▸ TASK BRIEF
The records follow. Filter them to the lines that hold "your".

▸ SUPPLIED DATA
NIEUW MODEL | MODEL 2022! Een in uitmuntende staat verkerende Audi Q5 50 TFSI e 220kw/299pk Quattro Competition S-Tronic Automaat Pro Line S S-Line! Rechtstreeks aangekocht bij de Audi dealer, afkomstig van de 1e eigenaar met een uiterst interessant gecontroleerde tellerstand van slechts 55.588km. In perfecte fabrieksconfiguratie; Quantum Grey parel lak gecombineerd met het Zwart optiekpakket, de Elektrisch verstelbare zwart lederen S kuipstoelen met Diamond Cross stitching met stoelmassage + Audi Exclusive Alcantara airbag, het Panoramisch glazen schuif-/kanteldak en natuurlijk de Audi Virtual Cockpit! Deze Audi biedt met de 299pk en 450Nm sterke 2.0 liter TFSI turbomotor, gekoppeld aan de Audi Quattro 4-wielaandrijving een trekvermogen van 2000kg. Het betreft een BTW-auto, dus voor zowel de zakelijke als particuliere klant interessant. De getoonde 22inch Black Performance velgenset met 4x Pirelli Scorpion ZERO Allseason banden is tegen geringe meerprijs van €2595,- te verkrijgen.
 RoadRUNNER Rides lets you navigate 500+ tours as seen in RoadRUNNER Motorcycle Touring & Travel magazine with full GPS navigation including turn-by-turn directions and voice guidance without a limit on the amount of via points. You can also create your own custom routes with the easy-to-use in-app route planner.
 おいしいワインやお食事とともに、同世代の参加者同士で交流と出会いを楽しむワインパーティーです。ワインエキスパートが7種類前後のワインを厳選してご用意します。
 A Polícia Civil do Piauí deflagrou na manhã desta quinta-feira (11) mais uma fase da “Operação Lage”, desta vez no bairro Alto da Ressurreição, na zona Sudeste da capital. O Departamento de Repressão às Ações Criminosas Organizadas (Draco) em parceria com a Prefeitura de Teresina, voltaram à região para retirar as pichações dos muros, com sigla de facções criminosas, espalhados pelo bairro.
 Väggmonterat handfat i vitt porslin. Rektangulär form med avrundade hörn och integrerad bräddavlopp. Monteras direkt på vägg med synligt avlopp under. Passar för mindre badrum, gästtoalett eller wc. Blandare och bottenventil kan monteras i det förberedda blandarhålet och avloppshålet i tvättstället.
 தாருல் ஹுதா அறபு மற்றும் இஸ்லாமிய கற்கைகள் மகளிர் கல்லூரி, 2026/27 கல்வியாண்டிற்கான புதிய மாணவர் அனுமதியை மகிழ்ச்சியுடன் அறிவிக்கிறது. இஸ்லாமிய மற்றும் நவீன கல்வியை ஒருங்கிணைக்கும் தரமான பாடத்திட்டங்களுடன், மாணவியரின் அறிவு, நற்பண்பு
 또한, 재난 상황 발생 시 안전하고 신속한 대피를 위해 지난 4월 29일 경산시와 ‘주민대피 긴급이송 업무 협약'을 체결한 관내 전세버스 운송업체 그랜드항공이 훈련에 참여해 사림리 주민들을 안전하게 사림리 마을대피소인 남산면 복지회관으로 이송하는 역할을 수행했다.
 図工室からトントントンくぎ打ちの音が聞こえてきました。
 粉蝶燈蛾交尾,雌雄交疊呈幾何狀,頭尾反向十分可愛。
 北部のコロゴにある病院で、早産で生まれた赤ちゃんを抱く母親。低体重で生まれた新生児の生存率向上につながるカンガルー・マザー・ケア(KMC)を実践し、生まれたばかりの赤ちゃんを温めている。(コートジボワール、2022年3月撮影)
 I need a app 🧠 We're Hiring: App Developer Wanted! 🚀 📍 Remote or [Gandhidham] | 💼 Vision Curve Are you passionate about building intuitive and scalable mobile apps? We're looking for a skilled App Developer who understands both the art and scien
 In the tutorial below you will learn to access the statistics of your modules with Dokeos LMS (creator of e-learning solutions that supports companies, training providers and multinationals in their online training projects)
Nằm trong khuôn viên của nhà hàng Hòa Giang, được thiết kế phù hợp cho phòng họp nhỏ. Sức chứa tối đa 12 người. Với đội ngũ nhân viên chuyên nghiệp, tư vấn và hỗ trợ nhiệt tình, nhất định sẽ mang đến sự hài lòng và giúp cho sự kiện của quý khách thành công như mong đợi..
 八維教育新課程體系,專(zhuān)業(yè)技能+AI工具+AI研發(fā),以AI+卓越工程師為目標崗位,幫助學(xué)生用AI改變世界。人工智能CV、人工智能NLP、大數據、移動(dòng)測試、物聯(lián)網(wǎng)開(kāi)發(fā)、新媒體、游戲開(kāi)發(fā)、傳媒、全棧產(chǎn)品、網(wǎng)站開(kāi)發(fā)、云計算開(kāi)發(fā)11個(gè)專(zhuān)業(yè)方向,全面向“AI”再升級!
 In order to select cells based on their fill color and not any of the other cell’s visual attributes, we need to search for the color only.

▸ EXERCISE RESPONSE
 RoadRUNNER Rides lets you navigate 500+ tours as seen in RoadRUNNER Motorcycle Touring & Travel magazine with full GPS navigation including turn-by-turn directions and voice guidance without a limit on the amount of via points. You can also create your own custom routes with the easy-to-use in-app route planner.
 In the tutorial below you will learn to access the statistics of your modules with Dokeos LMS (creator of e-learning solutions that supports companies, training providers and multinationals in their online training projects)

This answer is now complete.